So the idea was that you should not look at PQcancelConnectStart as the non-blocking
version of PQcancel, but as the non-blocking version of PQcancelConnect. I'll try to
think of some different names too, but IMHO these names could be acceptable
when their differences are addressed sufficiently in the documentation.

One other approach to naming that comes to mind now is repurposing PQrequestCancel:
1. PQrequestCancel: Cancel queries in a non-signal safe way that uses all connection options
2. PQrequestCancelStart: Cancel queries in a non-signal safe and non-blocking way that uses all connection options
3. PQcancel: Cancel queries in a signal safe way, to be signal-safe it only uses a limited set of connection options

I think it's probably a
bad sign that this function is tinkering with logic in this sort of
low-level function anyway. pqReadData() is a really general function
that manages to work with non-blocking I/O already, so why does
non-blocking query cancellation need to change its return values, or
whether or not it drops data in certain cases?

The reason for this low level change is that the cancellation part of the
Postgres protocol is following a different, much more simplistic design
than all the other parts.
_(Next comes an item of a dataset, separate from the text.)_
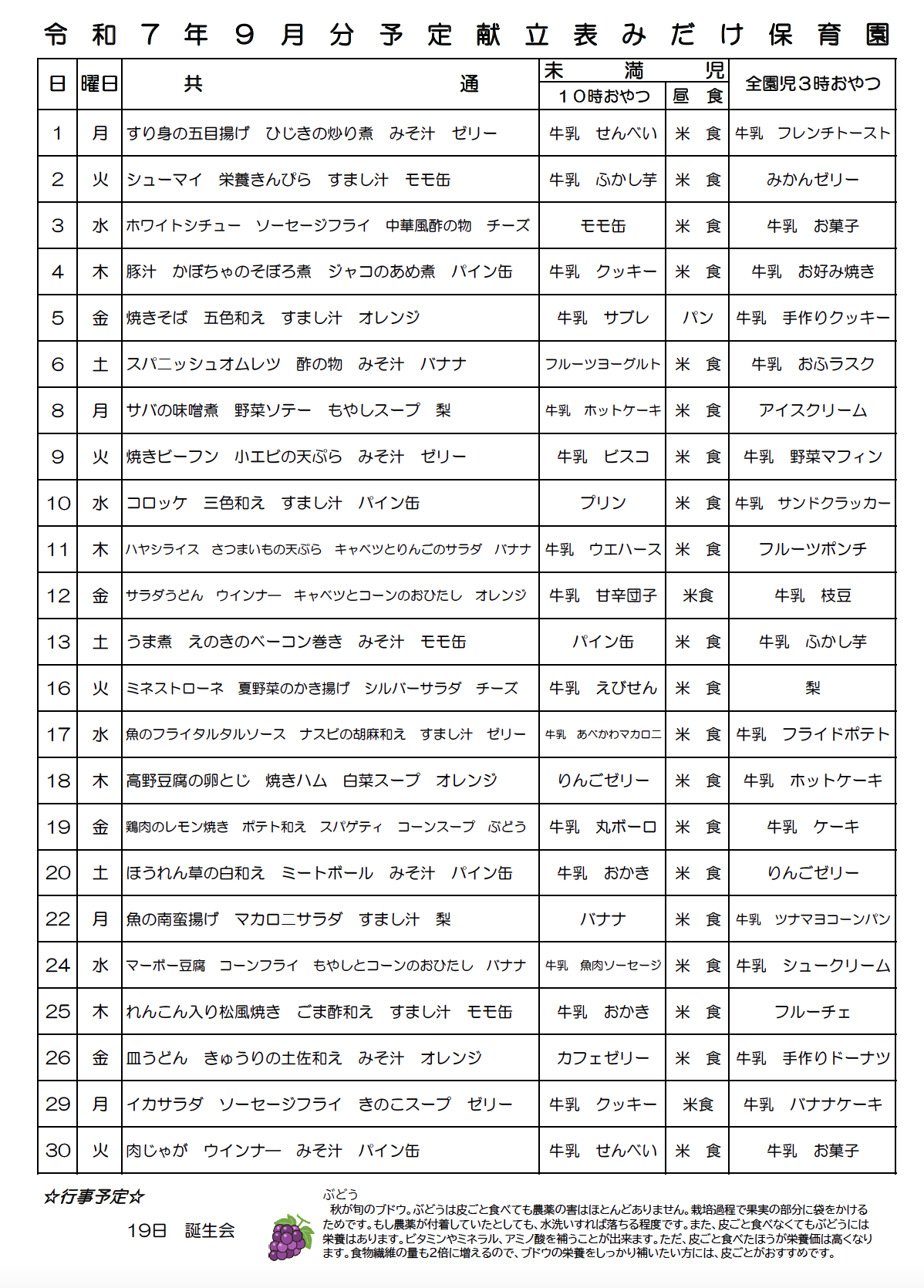 9月の保育目標

The client does not expect a response message back
from the server after sending the cancellation request. The expectation
is that the server signals completion by closing the connection, i.e. sending EOF.
For all other parts of the protocol, connection termination should be initiated
client side by sending a Terminate message. So the server closing (sending
EOF) is always unexpected and is thus currently considered an error by pqReadData.
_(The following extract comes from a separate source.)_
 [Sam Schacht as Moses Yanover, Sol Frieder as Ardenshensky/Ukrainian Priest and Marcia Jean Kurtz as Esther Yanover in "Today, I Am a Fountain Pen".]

But since this is not the case for the cancellation protocol, the result is
changed to -2 in case of EOF to make it possible to distinguish between
an EOF and an actual error.

And it updates that function to return -2 when the is
ECONNRESET, which seems to fly in the face of the comment's idea that
this is the "clean connection closure" case.
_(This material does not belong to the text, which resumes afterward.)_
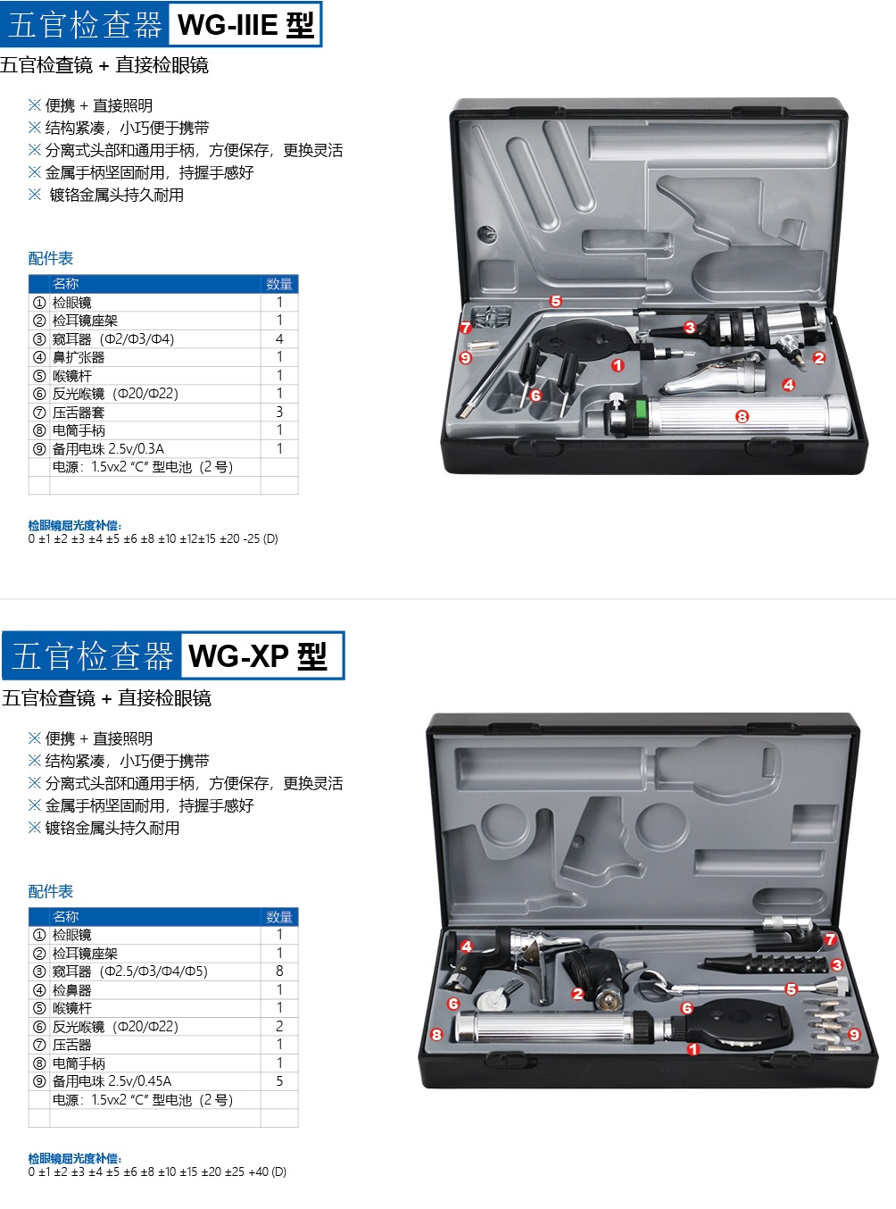 WG-XP屈光度补偿:±1、±2、±3、±4、±5、±6、±8、±10、±15、±20、±25、+40

The diff sadly does not include the very relevant comment right above these
lines. Pasting the whole case statement here to clear up this confusion:

case SSL_ERROR_ZERO_RETURN:

/*
* Per OpenSSL documentation, this error code is only returned for
* a clean connection closure, so we should not report it as a
* server crash.
*/
appendPQExpBufferStr(&conn->errorMessage,
libpq_gettext("SSL connection has been closed unexpectedly\n"));
result_errno = ECONNRESET;
n = -2;
break;

For example, it updates the
comment for pqsecure_read() to say "Returns -1 in case of failures,
except in the case of clean connection closure then it returns -2."
But that function calls any of three different implementation
functions depending on the situation and the patch only updates one of
them.

That comment is indeed not describing what is happening correctly and I'll
try to make it clearer. The main reason for it being incorrect is coming from
the fact that receiving EOFs is handled in different places based on the
encryption method:

1. Unencrypted TCP: EOF is not returned as an error by pqsecure_read, but detected by pqReadData (see comments related to definitelyEOF)
2. OpenSSL: EOF is returned as an error by pqsecure_read (see copied case statement above)
3. GSS: When writing the patch I was not sure how EOF handling worked here, but given that the tests passed for Jacob on GSS, I'm guessing it works the same as unencrypted TCP.

#12

Jelte Fennema

Jelte.Fennema@microsoft.com

about 4 years ago

In reply to: Jelte Fennema (#11)

Re: Add non-blocking version of PQcancel

I attached a new version of this patch. Which does three main things:
1. Change the PQrequestCancel implementation to use the regular
connection establishement code, to support all connection options
including encryption.
2. Add PQrequestCancelStart which is a thread-safe and non-blocking
version of this new PQrequestCancel implementation.
3. Add PQconnectComplete, which completes a connection started by
PQrequestCancelStart. This is useful if you want a thread-safe, but
blocking cancel (without having a need for signal safety).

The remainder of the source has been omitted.